In a series of 13 public hearings conducted by the National Commission for Women over the last two years, in which Muslim women in cities all over the country articulated their problems, abandonment by the husband through ingenious devices like the “postal talaq” among others, was the one issue that came through most of all. This is why the AIMPLB’s suggestion that husbands should not be allowed to give more than one talaq at a time, thus imposing a restriction on the unilateral and instant pronouncement of talaq, is singularly important. The other important principle upheld by the AIMPLB is the woman’s power to divorce under situations like desertion, or failure to provide maintenance for a year, or insanity. This recalls the progressive legislation that the ulema led by Maula Ashraf Thanvi had drafted as far back as 1939. That Act, the Dissolution of Muslim Marriages Act, had granted much relief to women whose husbands were missing. AIMPLB also recognised problems like inadequate meher and thecontinued incidence of polygamy, and came up with a model nikahnamah or marriage certificate.

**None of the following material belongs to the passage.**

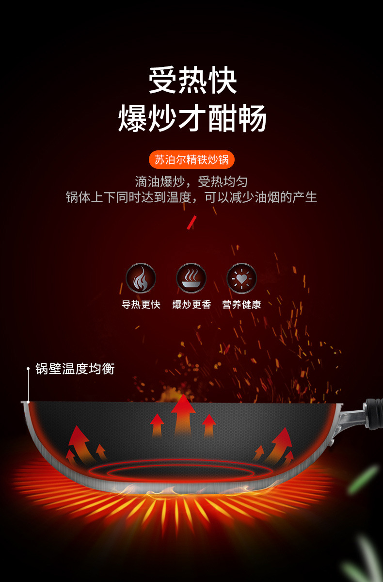蘇泊爾大鉄鍋は鍋にくっつかない家庭用炒め鍋の古いガスレンジ専用のコーティングなしガスレンジが適用されます。

Of course, even if these reforms become part of Muslim Personal Law, that is only half the battle won. One of the biggest handicaps that women in the community have had to reckon with is their own disempowerment. Not only are their literacy levels abysmal, their participation in the workforce is much lower than that of their counterparts in other communities. This being the case, it is not surprising that many have been cheated even of their traditional rights. Therefore, legal reform should rightly be only one part of a reform project that seeks to ensure a better existence for the Muslim women of this country. The world has changed. There is no reason that when Muslim nations like Pakistan and Bangladesh have introduced laws that have controlled polygamy and made relations within marriage more equitable, women here have to inhabit a medieval world dominated by the three `C’s — the choolah, the chaddar and the chardewaari.